Bee Season

Posted on November 1, 2005 at 1:58 pm

A-
Lowest Recommended Age: Mature High Schooler
Profanity: Brief strong language
Alcohol/ Drugs: None
Violence/ Scariness: Tense emotional scenes, mental illness
Diversity Issues: Religious differences a theme of the movie
Date Released to Theaters: 2005

A little girl who thought she was the ordinary member of the family discovers a talent for spelling, in this thoughtful movie based on the best-seller by Myla Goldberg. But this is not a fictionalized version of the superb documentary Spellbound. It is a story about breaking apart, from the letters in a word to the connections and relationships we most rely on, and about the way we try to hold on, and, if we fail, to heal what is broken.

Images of breaking apart appear over and over again in the stories we tell. Yeats described it in his poem, “The Second Coming.” “Things fall apart,” he wrote. “The center cannot hold.” And all the king’s horses and all the king’s men couldn’t put Humpty Dumpty together again. E.M. Forster said the most important rule was “only connect.” According to Jewish folklore, the world began with a great splintering when the divine light God poured into vessels shattered them. So it is the obligation of all people to put the pieces back together again. The duty is called “tikkun olam,” which means “to heal the world.”

The scholars within the Jewish community who take this command most literally are those who study Abraham Abulafia and kabbalah, from the Madonna-chic red bracelet-wearers who skim along the surface to the mystics who believe they can see the world in the patterns of its pieces.

In this story, Saul Nauman (Richard Gere) is a professor who studies kabbalah but has never achieved the transcendent ecstasy of those who have mastered it, especially Abraham Abulafia, the subject of his dissertation. He is devoted and affectionate, but not always sensitive or aware. Saul does not realize how narcisisstic his attentions are.

He does not see that his daughter Eliza (Flora Cross) feels left out and unimportant because of the attention Saul gives her brother Aaron (Max Minghella). He does not see that Aaron is seeking something to heal his own sense of being incomplete. He does not see that his wife Miriam (Juliette Binoche) feels both smothered and disconnected, that she is seeking something even she does not understand to help her make sense of her own perception of what is broken.

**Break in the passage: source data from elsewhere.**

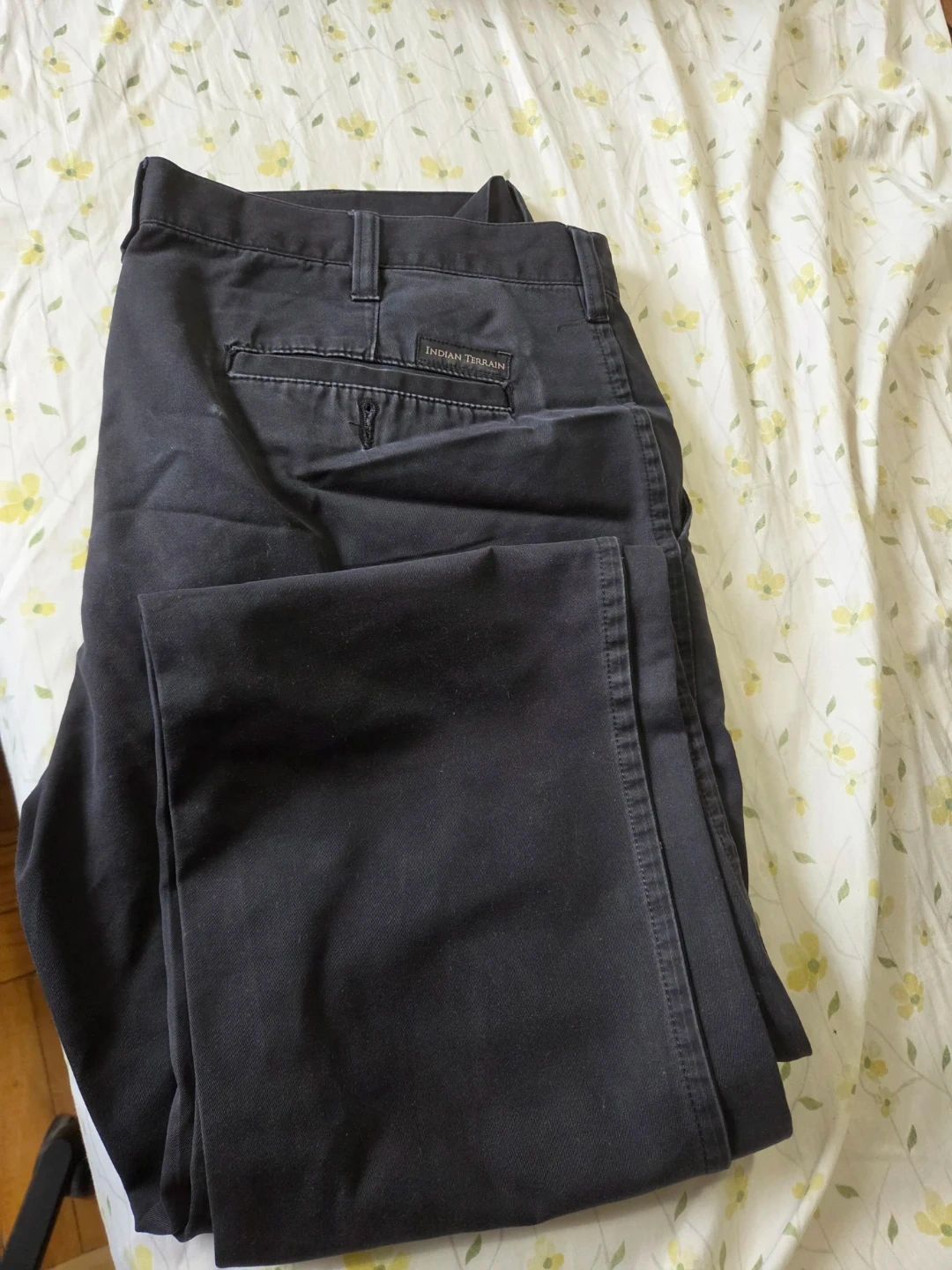 Dark grey chinos from Indian Terrain. These trousers have a classic fit and are made from a comfortable cotton blend. A great staple for any wardrobe, these pants are versatile for casual or semi-formal wear. Size 36 waist.
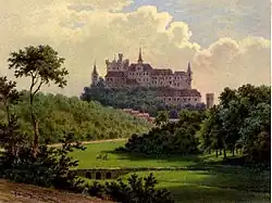 - Erweiterungen mit einer Vorburg und Wehrgängen nach Osten zur Stadt (Angriffs-Seite): unterste Pforte um 1350, mittlerer Torturm um 1460 (barocker Oberbau und Umgestaltung zum Glockenturm 1682), oberes Schlosstor mit Spitzbogenportal von 1491; Ottonischer Bau (Fürstenbau, um 1500), Schlosskirche als dreischiffige Hallenkirche über den Galerien des obersten Zwingers (wohl 1501 geweiht, Wandmalereien von 1504).
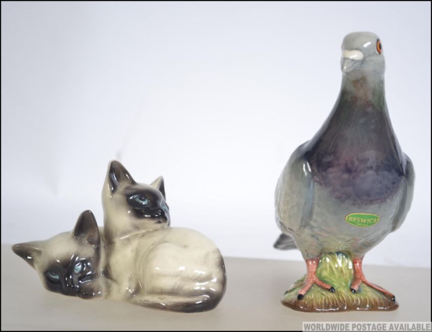 A fantastic vintage Beswick ceramic study of a grey pigeon with two bars to the wings impressed to the base Beswick 1383 along with a Beswick group of of cats impressed to the base Beswick 1296. The tallest piece measures 14cm high.

And he can never guess that these things will be revealed by Eliza’s simple but inexplicable gift for spelling. Somehow, she just seems to know how words break down into pieces. Saul becomes fascinated with this — can it be that she has found a way to tap into Abulafia’s ability to understand the way the patterns are where the whole universe is found?

Screenwriter Naomi Foner Gyllenhaal (mother of Maggie and Jake) creates a mosaic of her own, an assemblage out of small, shiny pieces: the family members and their various fears and dreams. Saul and Miriam see connections that do not exist while their children long for connections they wish they had.

The underrated Gere, not anyone’s first thought to play an observant Jew, is fine, in part because he makes no effort to “act Jewish.” He just acts like a man who does not recognize his self-involvement and who can only see his family as reflections of himself. Cross is solomnly lovely as Eliza, and when she looks out from the stage, visualizing the word she has to spell, we feel her sense of wonder, magic, and mastery.

This is an ambitious undertaking, and translating such an intensely metaphorical story to screen inevitably unbalances it so that it often looks like just another dysfunctional family story instead of a meditation on the nature of connection. It is uneven and ultimately, inevitably, unsuccessful in making that part of it work. But it raises the questions powerfully, and that is enough to begin that connection — that healing — it calls upon all of us to try for.

Parents should know that this movie includes brief strong language (two f-words), an explicit sexual situation and some implied nudity. There are tense and unhappy family confrontations and (spoiler alert) a character becomes mentally ill.

Families who see this movie should talk about why it was hard for the members of this family to talk to each other. They should also talk about tikkun olam and their own faith or value traditions of the responsibility for “repairing the world.”

Families who enjoy this movie will also enjoy Spellbound, the wonderful documentary about the national Spelling Bee, and Searching for Bobby Fischer, based on the real-life story of chess champion Josh Waitzkin, and the impact his experience had on his family.

Families who want to know more about Abraham Abulafia and kabbalah will find many resources online. The national Spelling Bee website has information about participation and some great materials for spellers and anyone else interested in words.